A) Projets d'investissement liés à la construction, à la rénovation, à l'agrandissement ou au recyclage de biens destinés au logement social, aussi bien dans le cas où les biens susmentionnés sont destinés à la vente, que lorsqu'ils sont destinés à la location ou à la location avec option d'achat. Sont inclus dans ce littéral les projets destinés à l'acquisition de logements sociaux construits, rénovés, agrandis ou recyclés sous la protection de ce règlement pour une location ultérieure et ceux développés par les fonds sociaux et les coopératives d'habitation dans l'une de leurs modalités, pour autant que tel. les logements respectent les conditions générales établies dans la présente loi.
B) Les activités spécifiques liées à l'amélioration des conditions de l'offre et de la demande de logements sociaux.
Article 3. (Objectifs).- Aux fins de l'octroi des avantages, seront pris en compte les projets et activités qui remplissent l'une des conditions suivantes :
A) Augmenter de manière significative le nombre de logements sociaux disponibles à la vente, à la location ou à la location avec option d'achat et, dans le cas des coopératives, à l'usage et à la jouissance des membres de la coopérative.
B) Faciliter l'accès au logement pour les couches socio-économiques basses, moyennes et moyennes de la population.
C) Ils contribuent à l'intégration sociale et à une meilleure utilisation des services d'infrastructure déjà installés.
D) Améliorer les conditions de financement et de garantie pour l'acquisition, la location ou la location avec option d'achat de logements d'intérêt social.
E) Promouvoir l'innovation technologique dans la construction de bâtiments.
Article 4. (Avantages fiscaux).- Le pouvoir exécutif est habilité à accorder les avantages suivants aux projets et activités promus :
A) Exonération des impôts prélevés sur les revenus provenant d'activités ou de projets déclarés promus. Cette exonération peut inclure le revenu ou l'impôt lui-même.
B) Déduction totale, aux fins de la détermination des revenus imposés par l'Impôt sur le Revenu des Activités Économiques, du coût d'acquisition des immeubles dans lesquels les logements inclus dans les activités ou projets sont construits, rénovés, agrandis ou recyclés déclarés promus. Ce coût ne peut être déduit que tant qu'il est nécessaire pour obtenir et maintenir les revenus inclus dans les activités et projets promus qui n'ont pas été exonérés en vertu des dispositions de l'alinéa précédent.

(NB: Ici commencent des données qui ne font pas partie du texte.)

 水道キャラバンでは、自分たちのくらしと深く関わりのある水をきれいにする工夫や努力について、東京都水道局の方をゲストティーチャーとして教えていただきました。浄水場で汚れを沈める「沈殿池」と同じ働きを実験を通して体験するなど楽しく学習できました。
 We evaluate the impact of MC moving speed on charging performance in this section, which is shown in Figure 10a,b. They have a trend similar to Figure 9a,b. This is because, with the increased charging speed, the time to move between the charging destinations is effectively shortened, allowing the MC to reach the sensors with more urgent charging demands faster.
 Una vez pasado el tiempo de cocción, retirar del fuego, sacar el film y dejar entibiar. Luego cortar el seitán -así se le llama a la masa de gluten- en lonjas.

C) Exonération de l'impôt sur la fortune des immeubles dont la construction, la rénovation, l'extension ou le recyclage a été déclaré favorisé. Ces actifs seront considérés comme des actifs grevés aux fins du calcul du passif.

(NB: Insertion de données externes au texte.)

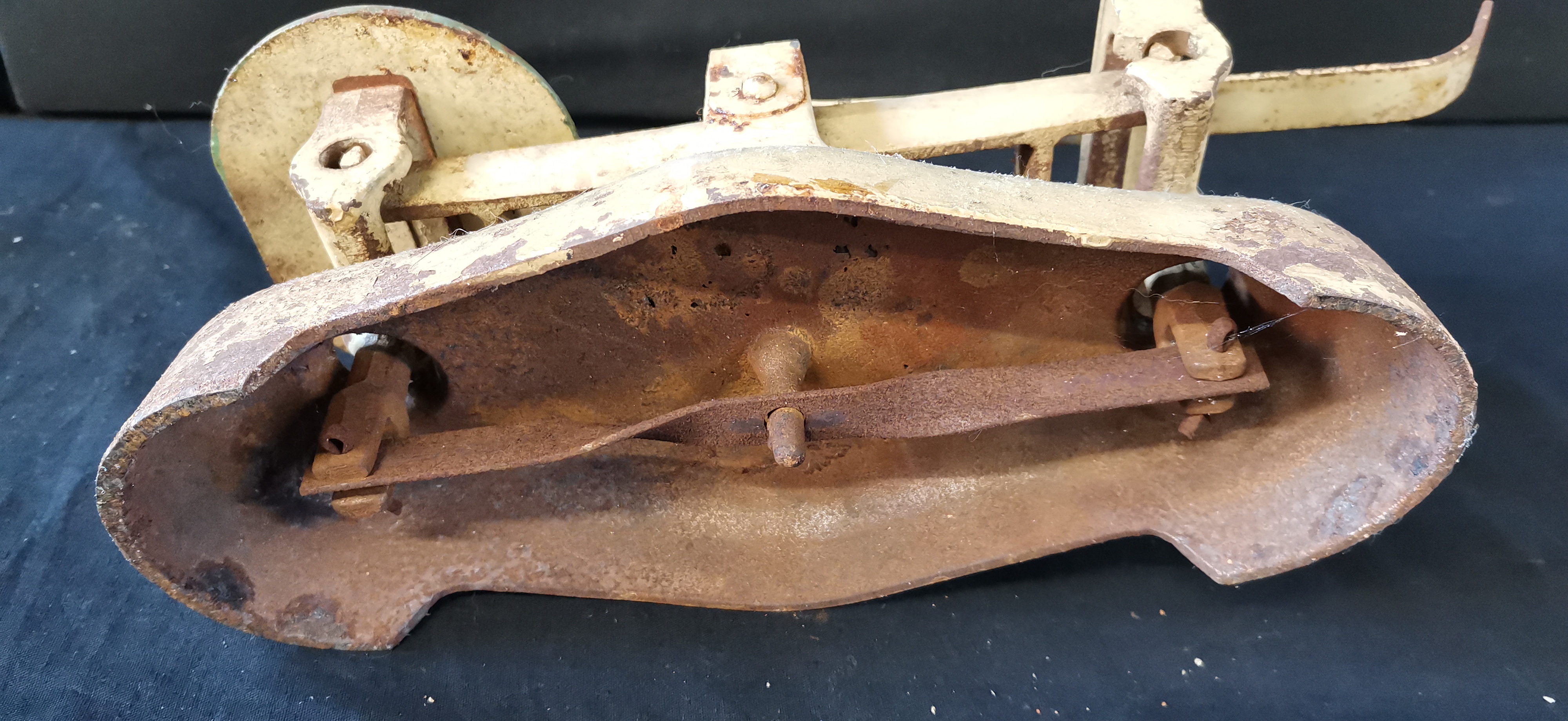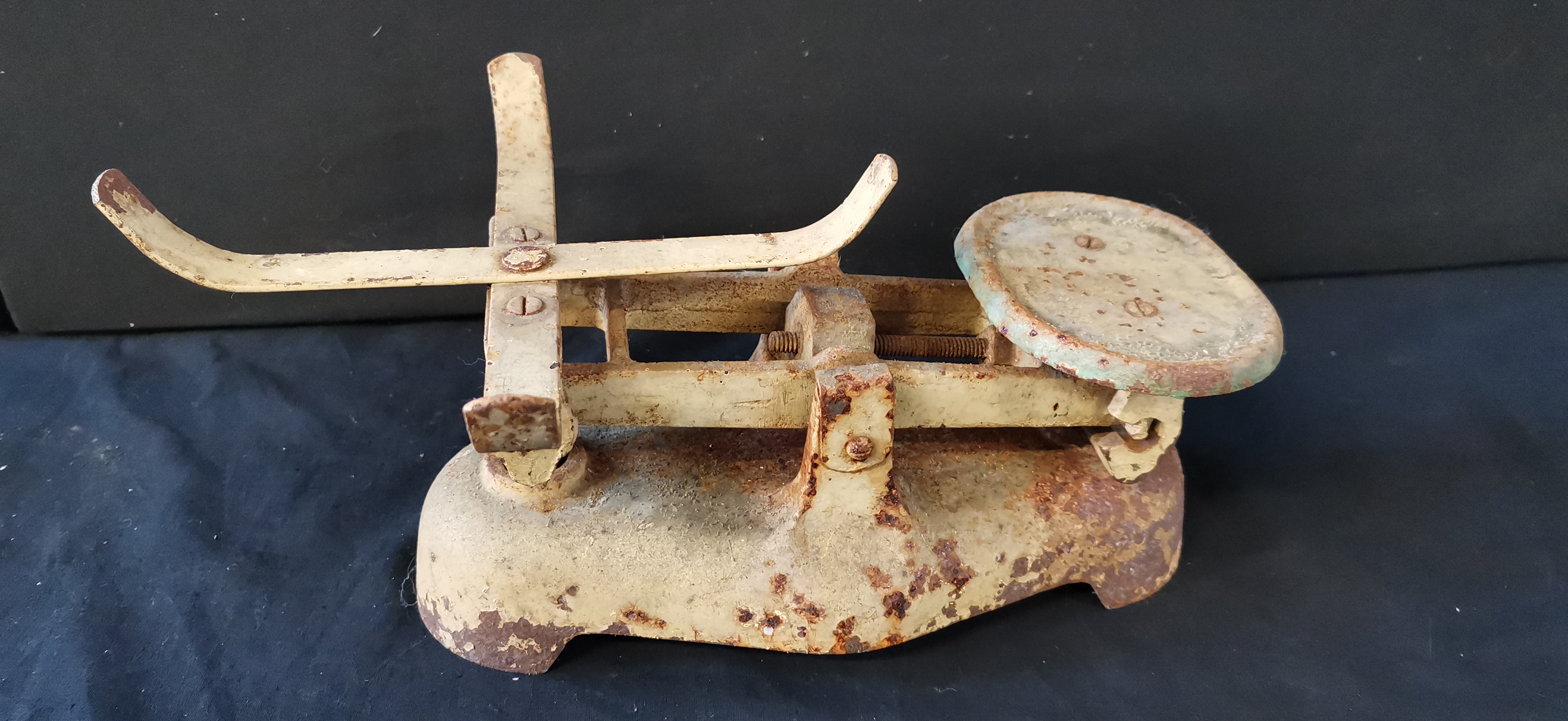 A vintage cream-colored mechanical metal balance scale featuring a cast iron base and platform with heavy overall rust and no visible maker’s marks.

D) Exonération de la taxe sur la valeur ajoutée (TVA) sur les revenus provenant des activités d'élimination, de construction, de rénovation, d'agrandissement et de recyclage des logements. Le pouvoir exécutif est habilité à accorder un crédit pour la taxe incluse dans les acquisitions de biens et services destinés à intégrer le coût de ces opérations, ainsi que pour la taxe correspondant aux acquisitions réalisées par les fonds sociaux et les coopératives d'habitation destinées à son activité de construction. .
E) Exonération de l'impôt sur les mutations immobilières, au vendeur, à l'acquéreur ou aux deux, en cas d'événements générateurs liés au premier transfert de propriété de biens destinés à l'habitation dont l'acquisition, la construction, la rénovation, l'extension ou le recyclage aurait été déclaré promu.
F) Exonération de TVA applicable aux services de garantie liés à la location et à l'acquisition de biens immobiliers destinés au logement social.
G) Exonération de l'Impôt sur la Fortune applicable aux biens affectés par la fourniture des services de garantie visés à l'alinéa précédent. Ces actifs seront considérés comme imposés aux fins du calcul du passif.
Article 5. (Déclaration promotionnelle).- Il est créé la Commission Consultative des Investissements en Logements d'Intérêt Social (CAIVIS), qui conseillera le Pouvoir Exécutif afin d'accorder la déclaration promotionnelle correspondante. Le Pouvoir Exécutif réglera l'intégration, le fonctionnement, les délais et les pouvoirs de ladite Commission.
L'Agence nationale du logement agira en tant qu'organe consultatif auprès de la Commission et devra se prononcer obligatoirement sur toutes les initiatives favorisant l'octroi d'exonérations fiscales. Il assistera également la Commission dans les tâches de secrétariat et dans toutes les autres tâches de soutien nécessaires liées à l'évaluation et au suivi des projets et activités promus.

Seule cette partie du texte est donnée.